In the wart-hog (see Phacochoerus aethiopicus, Fig. 67) the tusks in the upper jaw of the male curve upwards during the prime of life, and from being pointed serve as formidable weapons. The tusks in the lower jaw are sharper than those in the upper, but from their shortness it seems hardly possible that they can be used as weapons of attack. They must, however, greatly strengthen those in the upper jaw, from being ground so as to fit closely against their bases. Neither the upper nor the lower tusks appear to have been specially modified to act as guards, though no doubt they are to a certain extent used for this purpose. But the wart-hog is not destitute of other special means of protection, for it has, on each side of the face, beneath the eyes, a rather stiff, yet flexible, cartilaginous, oblong pad (Fig. 67), which projects two or three inches outwards; and it appeared to Mr. Bartlett and myself, when viewing the living animal, that these pads, when struck from beneath by the tusks of an opponent, would be turned upwards, and would thus admirably protect the somewhat prominent eyes. I may add, on the authority of Mr. Bartlett, that these boars when fighting stand directly face to face.

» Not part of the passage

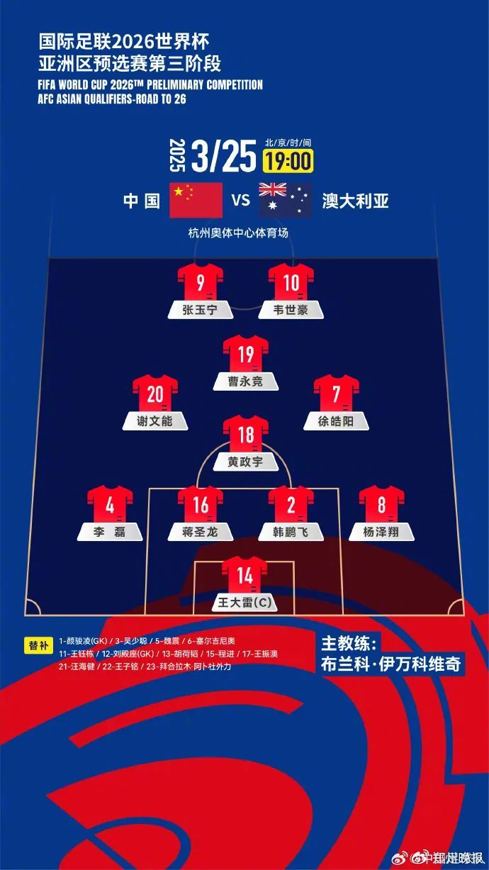 北京时间3月25日晚7时,国际足联2026世界杯亚洲区预选赛第三阶段(18强赛)C组第八轮,中国队在杭州奥体中心体育场“大莲花”主场迎战澳大利亚队。中国队公布了本场比赛的首发阵容,张玉宁和韦世豪将搭档锋线。

Lastly, the African river-hog (Potomochoerus penicillatus) has a hard cartilaginous knob on each side of the face beneath the eyes, which answers to the flexible pad of the wart-hog; it has also two bony prominences on the upper jaw above the nostrils. A boar of this species in the Zoological Gardens recently broke into the cage of the wart-hog. They fought all night long, and were found in the morning much exhausted, but not seriously wounded. It is a significant fact, as shewing the purposes of the above- described projections and excrescences, that these were covered with blood, and were scored and abraded in an extraordinary manner.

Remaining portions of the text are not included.